Meet 2011 TR35 Winner Jesse Robbins

MIT Technology Review

MIT Technology Review by MIT Technology Review · · Video · 04:16

MIT Technology Review's TR35 honoree page for Jesse Robbins, 33 — citation 'Fault-tolerant online infrastructure' under the TR35 Innovators Under 35 badge, with John Keatley's portrait of Jesse in firefighter turnout gear.
The original 2011 MIT Technology Review TR35 honoree page. Portrait by John Keatley. (MIT Technology Review)

MIT Technology Review interviewed me as a 2011 TR35 honoree, recognizing the work on web operations, infrastructure automation, and reliability at Opscode.

I was truly honored to be recognized by MIT and Technology Review.

MIT Technology Review’s 2011 TR35 recognition highlighted Jesse Robbins as an innovator under 35 for his work on DevOps culture and infrastructure automation at Opscode, marking the shift from operations as manual toil to infrastructure as code.


Jesse Robbins, 2011 TR35 Winner

Category: Internet & web Year Honored: 2011 Organization: Opscode Region: Global Focus: Fault-tolerant online infrastructure

Biography

Jesse Robbins initially pursued two career paths in 2001: a Seattle bus driver position and a backup systems engineer role at Amazon.com. Amazon’s offer came first, launching a decade-long career that revolutionized how web companies handle complex server and software networks.
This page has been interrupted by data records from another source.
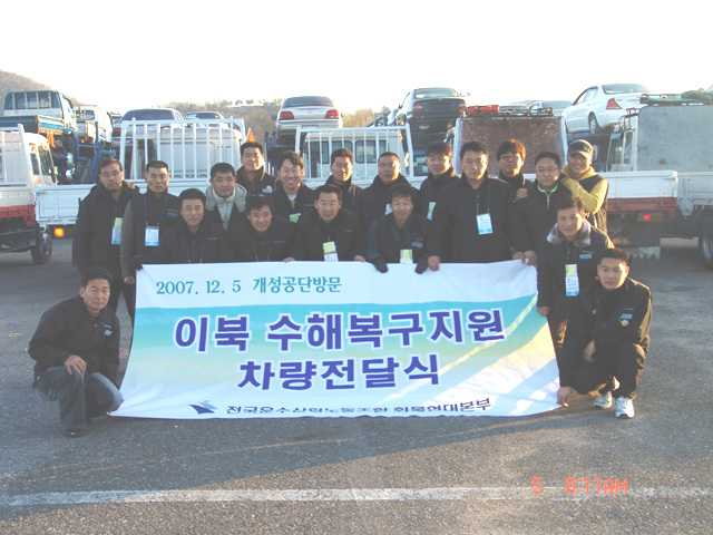 지난 12월5일 북한 수해복구 차량지원 방문단 사진입니다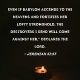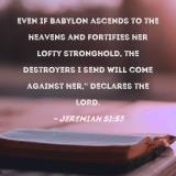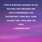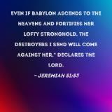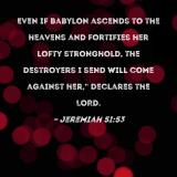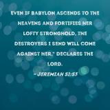 Even if Babylon ascends to the heavens and fortifies her lofty stronghold, the destroyers I send will come against her," declares the LORD.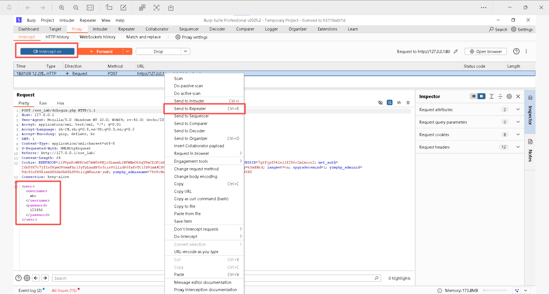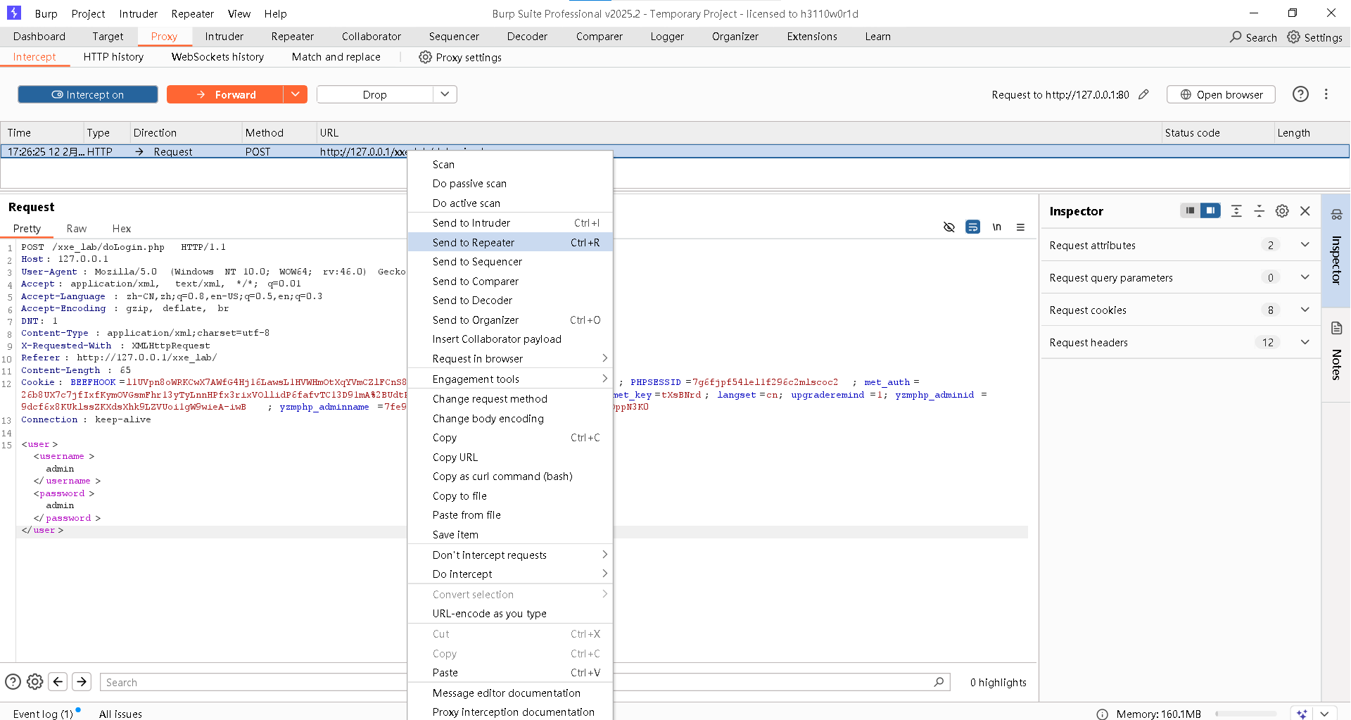 Step1:右击鼠标,选择"Send to Repeater"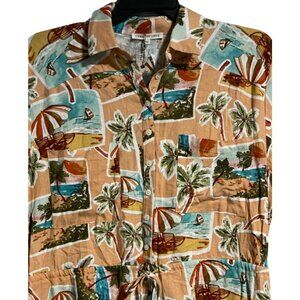 Label Of Love Peach Tropical Print Linen Blend Tie Waist Romper M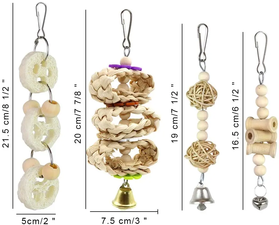 🐦Различные виды игрушек для птиц: посылка включает в себя 8 различных детских игрушек для птиц, таких как деревянные спиральные лестницы, колокольчики, подставные игрушки для удовлетворения потребностей вашей любимой птицы, развлекательные игрушки расположены в нескольких слоях, чтобы лазить, жевать и исследовать. Птицы полюбят прыгать от игрушки до игрушки, получая упражнения. 🐦100% нетоксичный материал: Изготовлен из 100% натурального древесного материала, хлопчатобумажной нити, очень безопасен для укусов птиц, для жевания. Полностью Изготовленный вручную материал для домашних животных, создающий безопасность, защиту окружающей среды для ваших коктейлей, макарусов, конусов, лавок, боди, любимых птиц. 🐦Идеальный дизайн для птиц: эти игрушки для птиц предназначены для того, чтобы ноги вашей птицы отдыхали, а также предлагают возможности для упражнений для ваших птиц, чтобы сохранить здоровье и форму, сделать упражнения для птиц и укрепить их мышцы, добавьте жизненную силу. 🐦Легко установить: все аксессуары для клетки для попугаев поставляются с активным крючком, который просто прикрепляется к верхней части клетки для домашних животных для легкой установки. Он может быть легко установлен практически в любой клетке и может обеспечить часы веселья каждый день. 🐦Подарки: набор включает в себя различные виды игрушек для птиц, такие как подставка, жевание и т. д. он отвечает различным потребностям птиц и является идеальным подарком для домашних птиц. Подходит для Дня благодарения, Рождества и многого другого.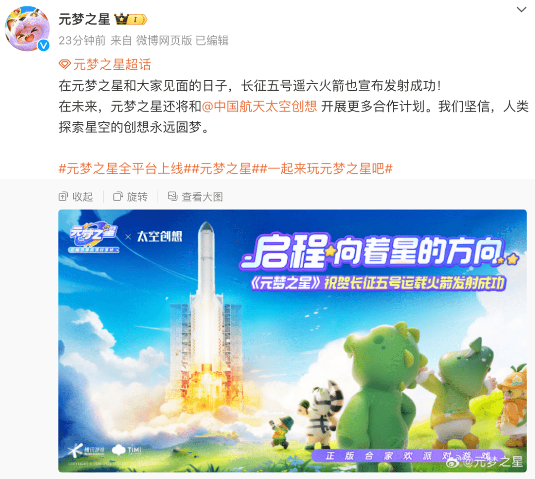 全平台上线当日,《元梦之星》又与@中国航天太空创想互动,祝贺长征五号运载火箭发射成功,为持续向着“星”的方向不懈探索的航天工作者们致敬,并预告未来还将展开更多合作计划。

Drawing from his background as a volunteer firefighter, Robbins brought crisis management principles to infrastructure design. He recognized that massive global operations inevitably experience failures and built systems to withstand them safely. Rather than preventing failures, he made Amazon resilient to them through architectural fault tolerance and live operational drills that tested teams by temporarily taking entire data centers offline, without affecting customer experience.

After departing Amazon in 2006, Robbins shared his methodologies through blogging. In 2007, he established Velocity, now an annual conference where major competitors openly discuss infrastructure management solutions.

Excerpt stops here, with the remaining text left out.